▶ **Aim of the task**
Make an exact copy of the records, leaving out the images.

Records from a dataset:
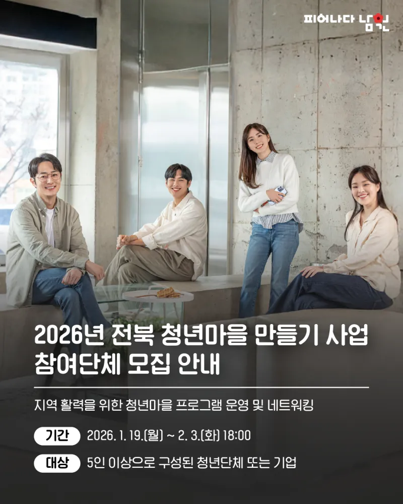 제목, 담당부서, 행정전화번호, 등록일, 조회, 내용 등으로 구성되어 있는 공지사항 게시글입니다. 2026년 전북 청년마을 만들기 사업 참여단체 모집 안내 담당부서 : 기획예산과 행정전화번호 : 063-620-6092 등록일 : 2026-01-21 조회수 : 111 청년이 중심이 되어 지역에 활력을 제고하기 위한 「2026년 전북 청년마을 만들기」 사업 참여단체를 모집하오니, 많은 관심과 참여 바랍니다. 1. 모집기간 : 2026. 1. 19.(월) ~ 2. 3.(화) 18:00 2. 모집대상 : 5인 이상으로 구성된 청년단체 또는...
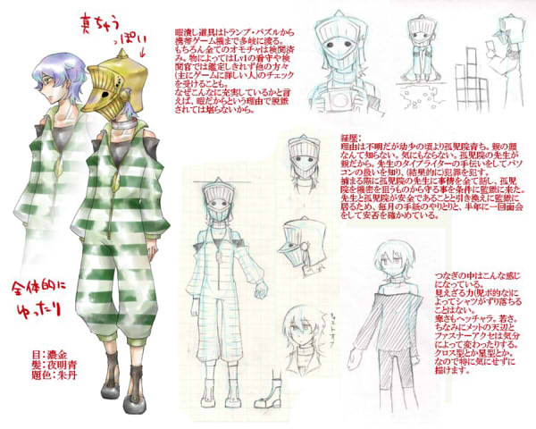 頭の良い少年犯罪者、というだけだと個性が薄いということで見た目的インパクトを狙って鉄仮面被せました。
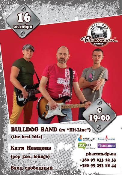 Пятница, 16 октября, будет заполнена только яркими эмоциями каждого нашего Гостя. Вечер, когда можно расслабиться, отдохнуть, и позволить себе выпить чего-то горячительного, разрядивши трудовые будни. Ну и конечно, же помогут нам в этом, уже полюбившиеся многим Гости из г.Днепродзержинска, трио Bulldog Band (ex Hit-Line) в тандеме с завораживающей Екатериной Немцевой. Для Вас прозвучат известные мотивы таких мировых талантов, как Chris Rea, Eric Clapton, Lenny Kravitz, the Beatles, Pink Floyd, Joe Cocker, Bob Marley и множество других. Расслабтесь с удовольствием в самом необычном Фаэтоне нашего города.
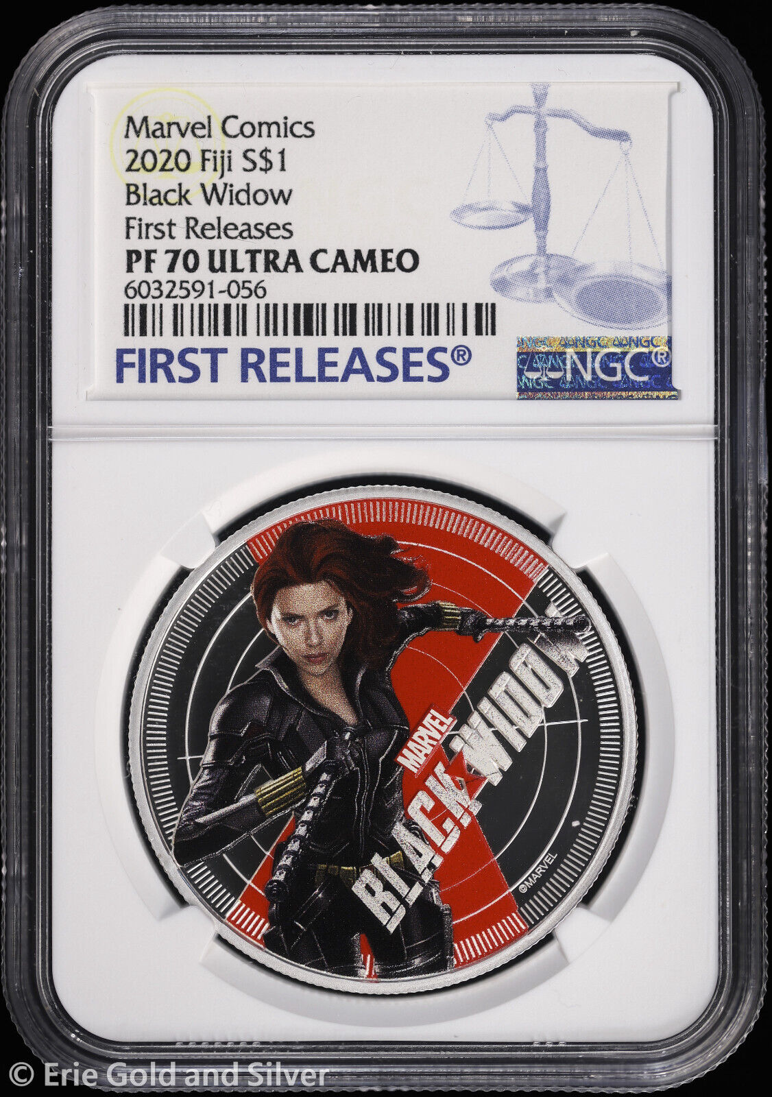 For sale is a 2020 $2 Fiji Proof Marvel: Black Widow 1 oz Silver Colorized Coin & Pin Set in OGP. Certified/graded by NGC at PF 70 Ultra Cameo. View pictures for details and condition. The item pictured is the exact item you will receive. Feel free to contact us with any questions.
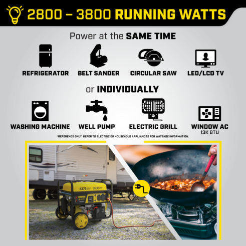 At 4375 starting watts and 3500 running watts, enjoy up to 12 hours of run time on a full tank of gasoline with a noise level of 68 dBA from 23 feet
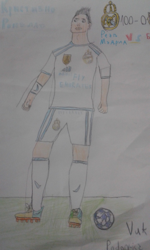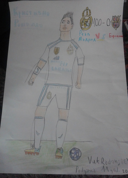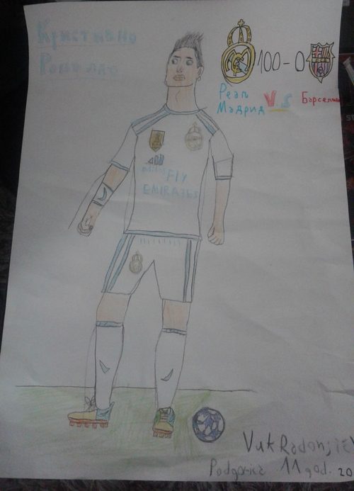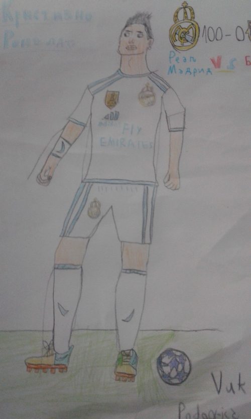 Jedanaestogodišnji Vuk Radonjić crtežom je iskazao kako on vidi jednog od najboljih fudbalera današnjice-Kristijana Ronalda. Sve pohvale za Vuka, učenika petog razreda podgoričke OŠ ,,Sutjeska” koji, uz mnoštvo školskih obaveza, izdvaja vrijeme da svoje ideje i shvatanja zabilježi crtežom.
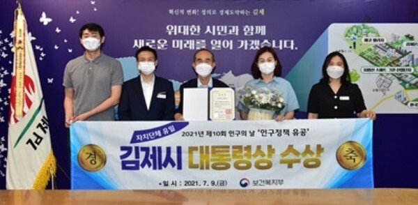 김제시 인구정책이 전국 자치단체 중 가장 우수한 정책으로 인정을 받았다.
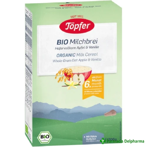 Cereale Topfer Bio ovaz cu lapte, mere si vanilie (6+) x 200 gAceste cereale sunt produse din ingrediente de origine organica. Acestea sunt prelucrate delicat, fiind potrivite pentru nevoile nutritionale ale copilului in cazul unei alimentatii divers...
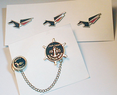 Title (ebay affiliate link): OLD JOHNSON OUTBOARD MOTORS MARINE ADVERTISING LOT PINS TIE TACKS 1965 ANCHORMAN
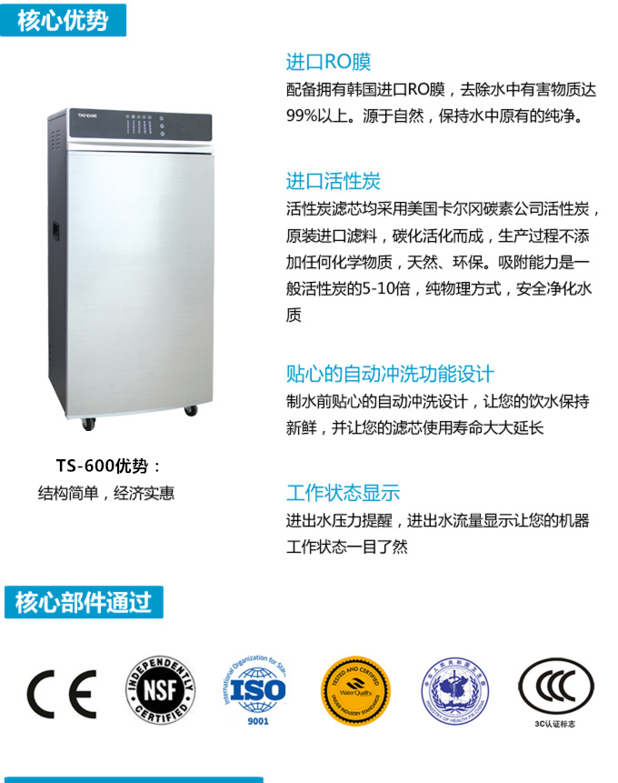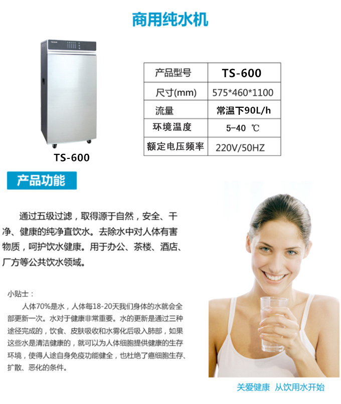 恬凈商用純水機可用于豪華別墅、辦公室、學(xué)校、茶樓等公共場所,解決公共飲水問題。恬凈商用純水機能夠去除水中所有有毒氣體及重金屬全部去除,水燒開再也不會結(jié)垢,口感甘甜,綿柔,讓飲用水更健康、更安全、更衛(wèi)生。
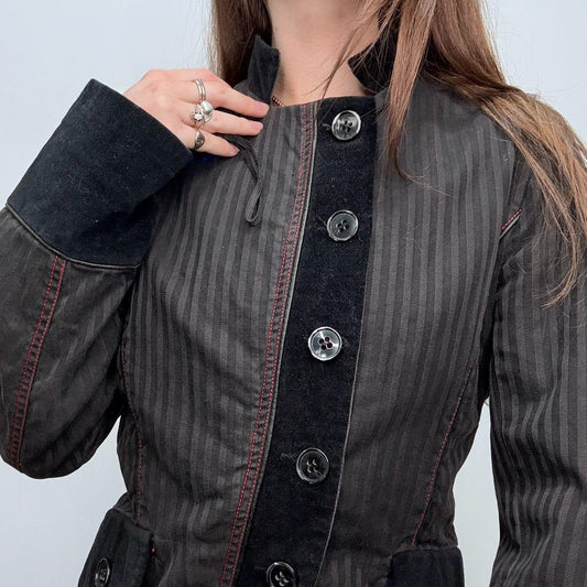 Sold outAsymmetric pinstripe flared jacket
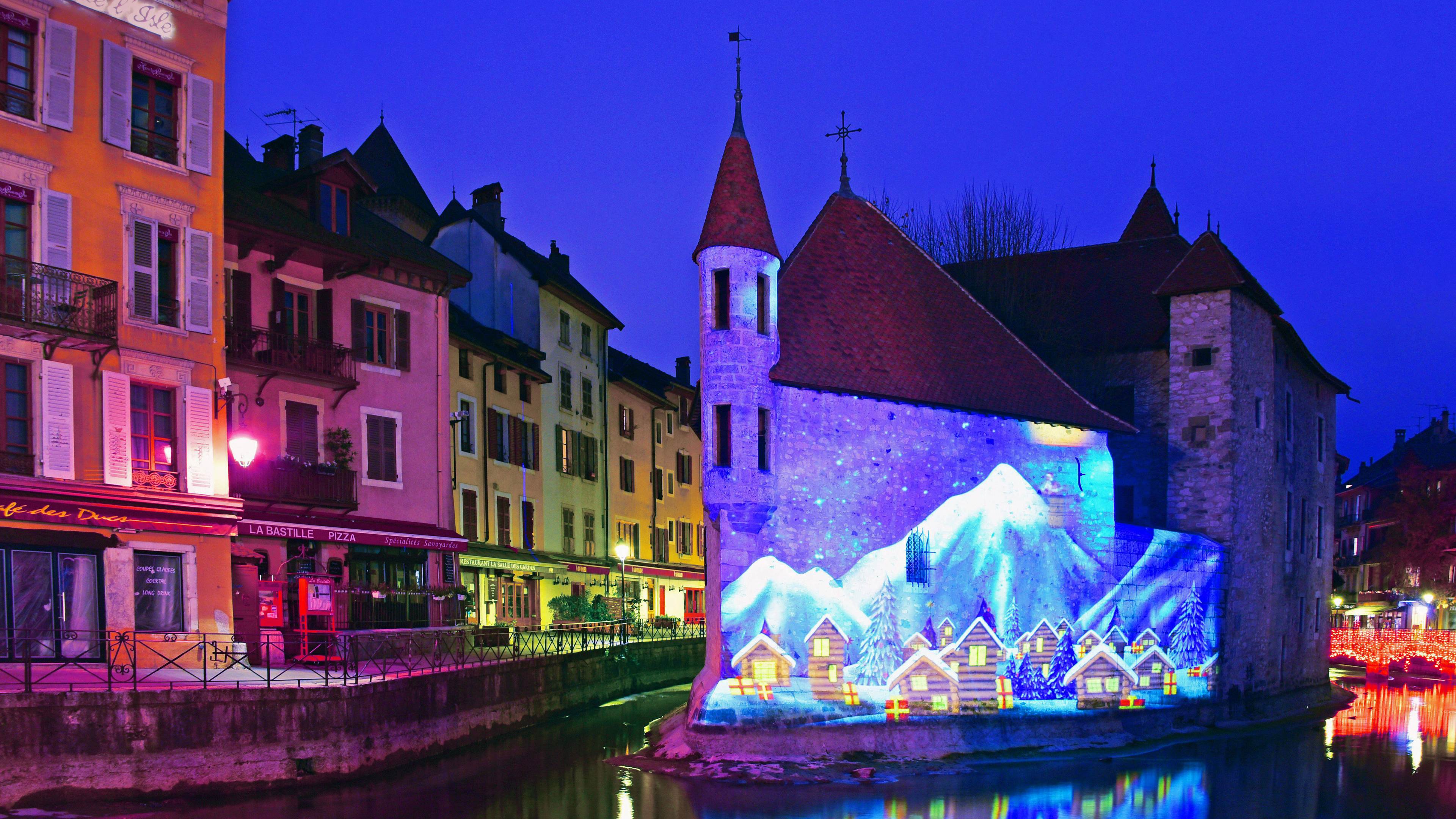 投射在安纳西中皇岛墙上的雪景影像,法国上萨瓦省 (© blickwinkel/Alamy)
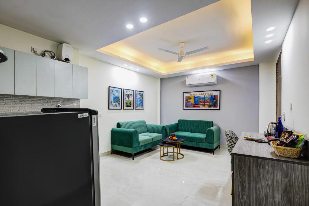 Departamento de servicio premium de 1 habitación y sala de estar en el sector 43, Gurgaon, con aire acondicionado en la sala de estar y el dormitorio, además de una cocina pequeña con inducción, microondas y vajilla. En una zona elegante, a poca distancia del centro comercial Gold Souk y la escuela Shalom Hills, a 2,2 km del metro Millennium City Centre y a 2,1 km del hospital Fortis. Los huéspedes extranjeros son bienvenidos. El check-in anticipado estará sujeto a disponibilidad y tendrá un cargo de 500 rupias, así como el check-out después de la hora establecida, que también tendrá un cargo de 500 rupias por cada 3 horas adicionales.
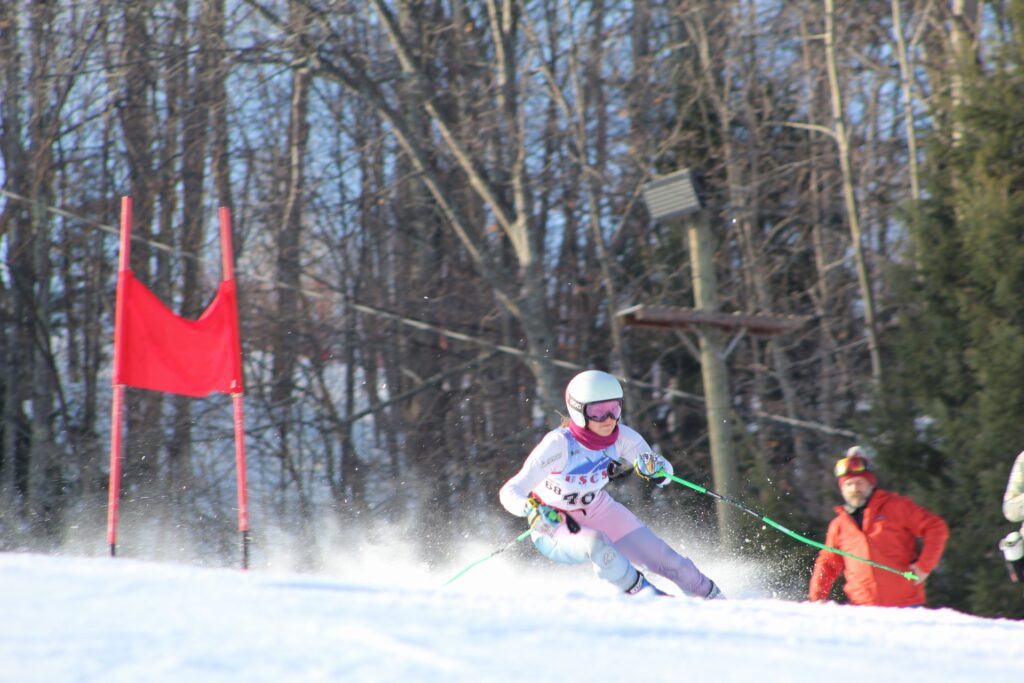 Colgate University led the women’s giant slalom, finishing first thanks to Carissa Dunlap (3), Maylia Lohman (4), Kate Goodrich (7), and Charlotte Morris (8). Hobart and William Smith placed second behind Aspen McAuley (1), while Syracuse University finished third.

▶ **Completed task**
 제목, 담당부서, 행정전화번호, 등록일, 조회, 내용 등으로 구성되어 있는 공지사항 게시글입니다. 2026년 전북 청년마을 만들기 사업 참여단체 모집 안내 담당부서 : 기획예산과 행정전화번호 : 063-620-6092 등록일 : 2026-01-21 조회수 : 111 청년이 중심이 되어 지역에 활력을 제고하기 위한 「2026년 전북 청년마을 만들기」 사업 참여단체를 모집하오니, 많은 관심과 참여 바랍니다. 1. 모집기간 : 2026. 1. 19.(월) ~ 2. 3.(화) 18:00 2. 모집대상 : 5인 이상으로 구성된 청년단체 또는...
 頭の良い少年犯罪者、というだけだと個性が薄いということで見た目的インパクトを狙って鉄仮面被せました。
 Пятница, 16 октября, будет заполнена только яркими эмоциями каждого нашего Гостя. Вечер, когда можно расслабиться, отдохнуть, и позволить себе выпить чего-то горячительного, разрядивши трудовые будни. Ну и конечно, же помогут нам в этом, уже полюбившиеся многим Гости из г.Днепродзержинска, трио Bulldog Band (ex Hit-Line) в тандеме с завораживающей Екатериной Немцевой. Для Вас прозвучат известные мотивы таких мировых талантов, как Chris Rea, Eric Clapton, Lenny Kravitz, the Beatles, Pink Floyd, Joe Cocker, Bob Marley и множество других. Расслабтесь с удовольствием в самом необычном Фаэтоне нашего города.
 For sale is a 2020 $2 Fiji Proof Marvel: Black Widow 1 oz Silver Colorized Coin & Pin Set in OGP. Certified/graded by NGC at PF 70 Ultra Cameo. View pictures for details and condition. The item pictured is the exact item you will receive. Feel free to contact us with any questions.
 At 4375 starting watts and 3500 running watts, enjoy up to 12 hours of run time on a full tank of gasoline with a noise level of 68 dBA from 23 feet
 Jedanaestogodišnji Vuk Radonjić crtežom je iskazao kako on vidi jednog od najboljih fudbalera današnjice-Kristijana Ronalda. Sve pohvale za Vuka, učenika petog razreda podgoričke OŠ ,,Sutjeska” koji, uz mnoštvo školskih obaveza, izdvaja vrijeme da svoje ideje i shvatanja zabilježi crtežom.
 김제시 인구정책이 전국 자치단체 중 가장 우수한 정책으로 인정을 받았다.
 Cereale Topfer Bio ovaz cu lapte, mere si vanilie (6+) x 200 gAceste cereale sunt produse din ingrediente de origine organica. Acestea sunt prelucrate delicat, fiind potrivite pentru nevoile nutritionale ale copilului in cazul unei alimentatii divers...
 Title (ebay affiliate link): OLD JOHNSON OUTBOARD MOTORS MARINE ADVERTISING LOT PINS TIE TACKS 1965 ANCHORMAN
 恬凈商用純水機可用于豪華別墅、辦公室、學(xué)校、茶樓等公共場所,解決公共飲水問題。恬凈商用純水機能夠去除水中所有有毒氣體及重金屬全部去除,水燒開再也不會結(jié)垢,口感甘甜,綿柔,讓飲用水更健康、更安全、更衛(wèi)生。
 Sold outAsymmetric pinstripe flared jacket
 投射在安纳西中皇岛墙上的雪景影像,法国上萨瓦省 (© blickwinkel/Alamy)
 Departamento de servicio premium de 1 habitación y sala de estar en el sector 43, Gurgaon, con aire acondicionado en la sala de estar y el dormitorio, además de una cocina pequeña con inducción, microondas y vajilla. En una zona elegante, a poca distancia del centro comercial Gold Souk y la escuela Shalom Hills, a 2,2 km del metro Millennium City Centre y a 2,1 km del hospital Fortis. Los huéspedes extranjeros son bienvenidos. El check-in anticipado estará sujeto a disponibilidad y tendrá un cargo de 500 rupias, así como el check-out después de la hora establecida, que también tendrá un cargo de 500 rupias por cada 3 horas adicionales.
 Colgate University led the women’s giant slalom, finishing first thanks to Carissa Dunlap (3), Maylia Lohman (4), Kate Goodrich (7), and Charlotte Morris (8). Hobart and William Smith placed second behind Aspen McAuley (1), while Syracuse University finished third.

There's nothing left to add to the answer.